----- Data records -----

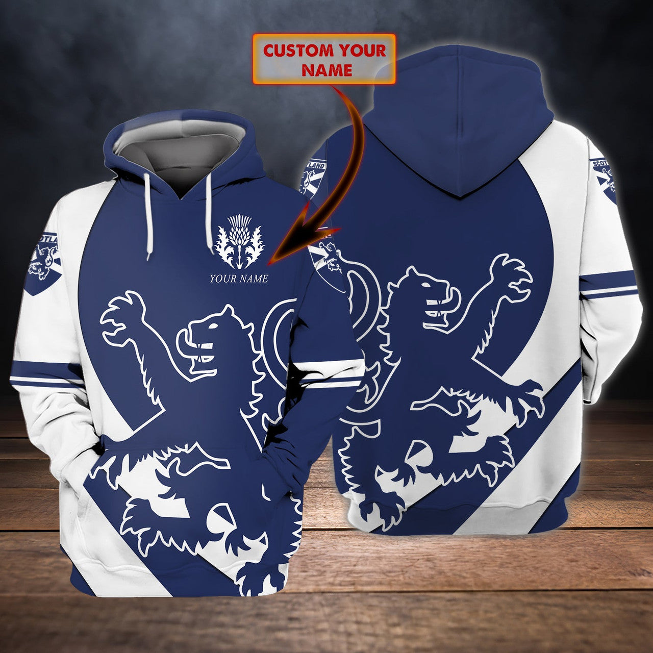FUNSTUFFPRINT Scotland Royal Lion and Thistle Pullover- Personalized Name 3D Hoodie and Zip Hoodie
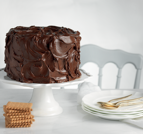 Υλικά Για 3 βάσεις κέικ σε ταψάκι 22 εκατοστών 135 γρ. κακάο 275 γρ. αλεύρι μαλακό 4 γρ. αλάτι 15 γρ. σόδα 8 γρ. baking powder 165 γρ. βούτυρο 450 γρ. κρυσταλλική ζάχαρη 150 γρ. αυγά 175 γρ. νερό 180 γρ. γάλα Για τη γκανάς 700 γρ. μαύρη σοκολάτα 275 γρ. κρέμα γάλακτος 35% 425 γρ. βούτυρο 225 γρ. μπισκότα πτι-μπερ Εκτέλεση Κοσκινίζουμε όλες τις σκόνες μαζί σε ένα μπολ. Βάζουμε το βούτυρο με τη ζάχαρη στο μίξερ να αφρατέψουν και προσθέτουμε τα αυγά ένα ένα. Προσθέτουμε τις μισές σκόνες και μετά τα υγρά. Αφού ομογενοποιηθούν προσθέτουμε και τις υπόλοιπες σκόνες. Χωρίζουμε το μείγμα στα 3 ταψιά και ψήνουμε στους 175 °C για 30 - 35'. Για να ετοιμάσουμε τη γκανάς, βράζουμε την κρέμα γάλακτος, τη ρίχνουμε στη θρυμματισμένη σοκολάτα και ανακατεύουμε. Όταν λιώσει, προσθέτουμε το βούτυρο. Βάζουμε 600 γραμμάρια σε άλλο μπολ και ρίχνουμε τα σπασμένα μπισκότα. Τοποθετούμε και τα δύο μπολ στο ψυγείο ώσπου να αρχίσουν να σφίγγουν. Στο πρώτο κομμάτι κέικ βάζουμε πάνω τη μισή κρύα γκανάς με τα μπισκότα. Επαναλαμβάνουμε και κλείνουμε με το τρίτο κομμάτι κέικ. Παίρνουμε την υπόλοιπη γκανάς και στρώνουμε εξωτερικά όλο το κέικ. Βάζουμε για λίγο στο ψυγείο και σερβίρουμε Πηγή: http://www.papadopoulou.gr/
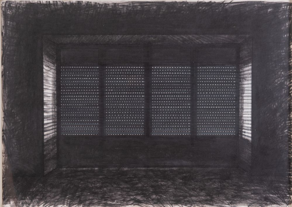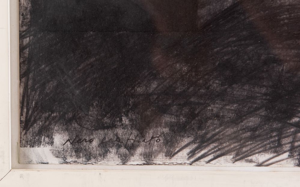 ADRIANO ALTAMIRA (Milano 1947) "Finestra", 1981. Tecnica mista su carta. Cm 50x70. Opera firmata e datata in basso a destra Adriano Altamira 1981. Reca scritta in basso a sinistra Nero graffiato. Al retro reca etichetta della Galleria Studio G7, Bologna.
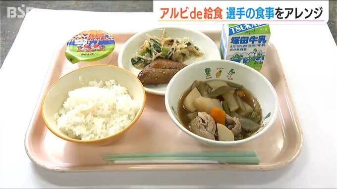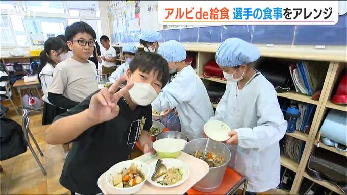 朝食を取らない、肥満の児童が多い…などの課題に対し、食や健康へ興味を持ってもらおうと、アルビレックス新潟と新潟市とが企画した『アルビde食育・健康づくり』の一環でできた『アルビde給食』です。
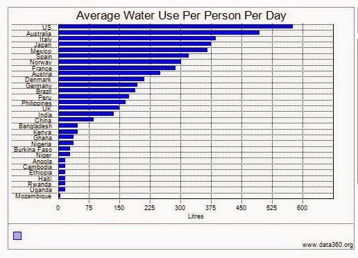 The benchmark for monthly water use in the OECD survey was 15 cubic meters per month, or 3,963 gallons per month, compared with 7,481 gallons per month in the United States. As the graph below shows, U.S. households use more water than do households in most other countries. In the examples above, the difference represents an 88% higher rate of water use in the U.S.
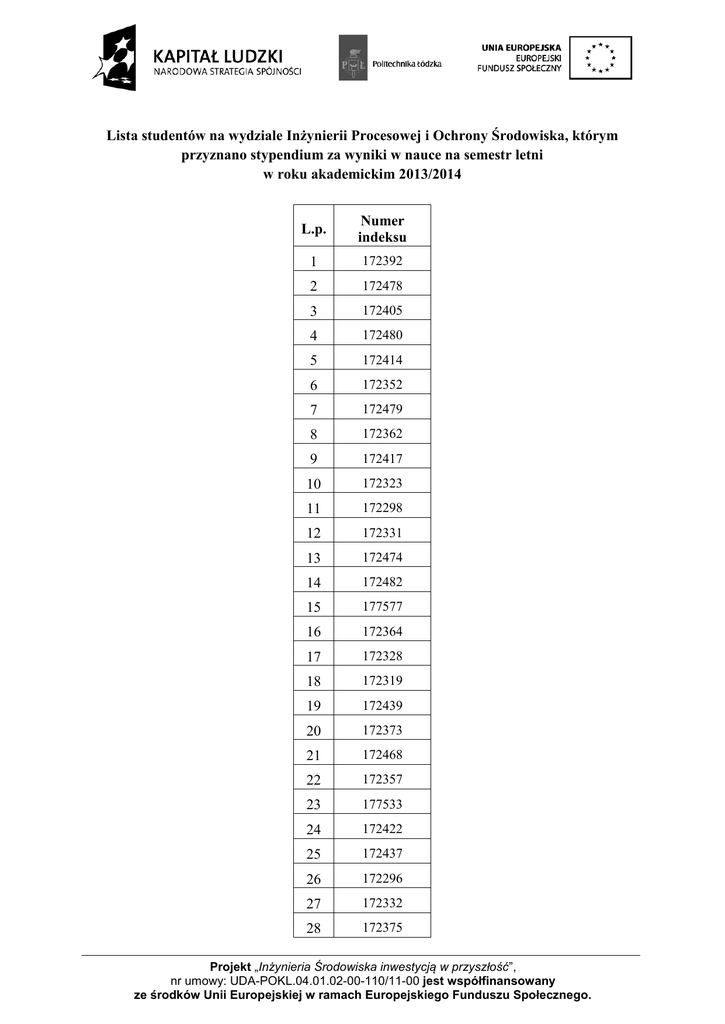 Lista studentów na wydziale Inżynierii Procesowej i Ochrony Środowiska, którym przyznano stypendium za wyniki w nauce na semestr letni w roku akademickim 2013/2014 L.p. Numer indeksu 1 172392 2 172478 3 172405 4 172480 5 172414 6 172352 7 172479 8 172362 9 172417 10 172323 11 172298 12 172331 13 172474 14 172482 15 177577 16 172364 17 172328 18 172319 19 172439 20 172373 21 172468 22 172357 23 177533 24 172422 25 172437 26 172296 27 172332 28 172375 Projekt „Inżynieria Środowiska inwestycją w przyszłość”, nr umowy: UDA-POKL.04.01.02-00-110/11-00 jest współfinansowany ze środków Unii Europejskiej w ramach Europejskiego Funduszu Społecznego. 29 172370 30 172407 31 172305 32 172469 33 172309 34 172355 35 172384 36 172477 37 172343 38 172337 39 172378 40 172335 41 172444 42 172453 43 172412 44 172341 45 172404 46 172415 47 172306 48 172462 Projekt „Inżynieria Środowiska inwestycją w przyszłość”, nr umowy: UDA-POKL.04.01.02-00-110/11-00 jest współfinansowany ze środków Unii Europejskiej w ramach Europejskiego Funduszu Społecznego. Lista studentów na wydziale Budownictwa, Architektury i Inżynierii Środowiska, którym przyznano stypendium za wyniki w nauce na semestr letni w roku akademickim 2013/2014 L.p. Numer indeksu 1 172965 2 172823 3 172882 4 172875 5 172847 6 172953 7 172825 8 172932 9 172949 10 172870 11 172827 12 172832 13 172856 14 172952 15 172824 16 172900 17 172890 18 172911 19 172958 20 172796 21 172799 22 172869 23 172942 24 172897 25 172936 26 172820 27 172981 28 176937 Projekt „Inżynieria Środowiska inwestycją w przyszłość”, nr umowy: UDA-POKL.04.01.02-00-110/11-00 jest współfinansowany ze środków Unii Europejskiej w ramach Europejskiego Funduszu Społecznego. 29 172860 30 172850 31 172901 32 172931 33 172884 34 172877 35 172894 36 172804 37 172863 38 163239 39 172948 40 172826 41 163212 42 172938 43 172819 44 172838 45 172801 46 163215 47 172915 48 172963 49 172976 50 172977 51 172802 52 172864 53 172880 54 185687 55 172899 56 172969 Projekt „Inżynieria Środowiska inwestycją w przyszłość”, nr umowy: UDA-POKL.04.01.02-00-110/11-00 jest współfinansowany ze środków Unii Europejskiej w ramach Europejskiego Funduszu Społecznego.
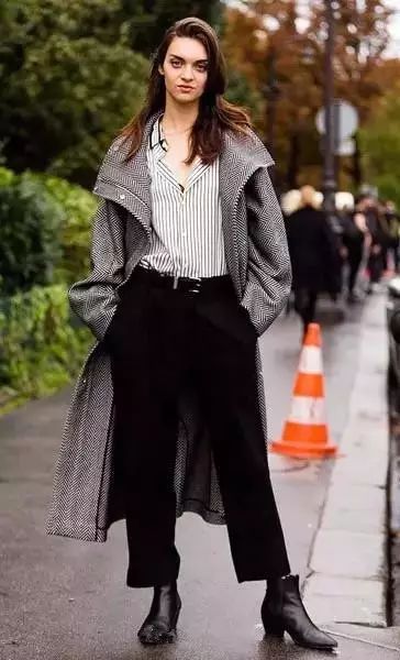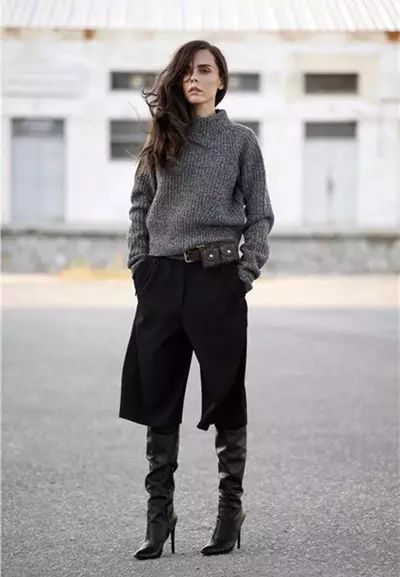 八九分长的阔腿裤都可以,正好到你的靴子上方即可。

-----

Only the lines from the start of the records to the line with "The benchmark for" belong in the copy. Print them exactly, minus pictures.

Response to the exercise:
FUNSTUFFPRINT Scotland Royal Lion and Thistle Pullover- Personalized Name 3D Hoodie and Zip Hoodie
 Υλικά Για 3 βάσεις κέικ σε ταψάκι 22 εκατοστών 135 γρ. κακάο 275 γρ. αλεύρι μαλακό 4 γρ. αλάτι 15 γρ. σόδα 8 γρ. baking powder 165 γρ. βούτυρο 450 γρ. κρυσταλλική ζάχαρη 150 γρ. αυγά 175 γρ. νερό 180 γρ. γάλα Για τη γκανάς 700 γρ. μαύρη σοκολάτα 275 γρ. κρέμα γάλακτος 35% 425 γρ. βούτυρο 225 γρ. μπισκότα πτι-μπερ Εκτέλεση Κοσκινίζουμε όλες τις σκόνες μαζί σε ένα μπολ. Βάζουμε το βούτυρο με τη ζάχαρη στο μίξερ να αφρατέψουν και προσθέτουμε τα αυγά ένα ένα. Προσθέτουμε τις μισές σκόνες και μετά τα υγρά. Αφού ομογενοποιηθούν προσθέτουμε και τις υπόλοιπες σκόνες. Χωρίζουμε το μείγμα στα 3 ταψιά και ψήνουμε στους 175 °C για 30 - 35'. Για να ετοιμάσουμε τη γκανάς, βράζουμε την κρέμα γάλακτος, τη ρίχνουμε στη θρυμματισμένη σοκολάτα και ανακατεύουμε. Όταν λιώσει, προσθέτουμε το βούτυρο. Βάζουμε 600 γραμμάρια σε άλλο μπολ και ρίχνουμε τα σπασμένα μπισκότα. Τοποθετούμε και τα δύο μπολ στο ψυγείο ώσπου να αρχίσουν να σφίγγουν. Στο πρώτο κομμάτι κέικ βάζουμε πάνω τη μισή κρύα γκανάς με τα μπισκότα. Επαναλαμβάνουμε και κλείνουμε με το τρίτο κομμάτι κέικ. Παίρνουμε την υπόλοιπη γκανάς και στρώνουμε εξωτερικά όλο το κέικ. Βάζουμε για λίγο στο ψυγείο και σερβίρουμε Πηγή: http://www.papadopoulou.gr/
 ADRIANO ALTAMIRA (Milano 1947) "Finestra", 1981. Tecnica mista su carta. Cm 50x70. Opera firmata e datata in basso a destra Adriano Altamira 1981. Reca scritta in basso a sinistra Nero graffiato. Al retro reca etichetta della Galleria Studio G7, Bologna.
 朝食を取らない、肥満の児童が多い…などの課題に対し、食や健康へ興味を持ってもらおうと、アルビレックス新潟と新潟市とが企画した『アルビde食育・健康づくり』の一環でできた『アルビde給食』です。
 The benchmark for monthly water use in the OECD survey was 15 cubic meters per month, or 3,963 gallons per month, compared with 7,481 gallons per month in the United States. As the graph below shows, U.S. households use more water than do households in most other countries. In the examples above, the difference represents an 88% higher rate of water use in the U.S.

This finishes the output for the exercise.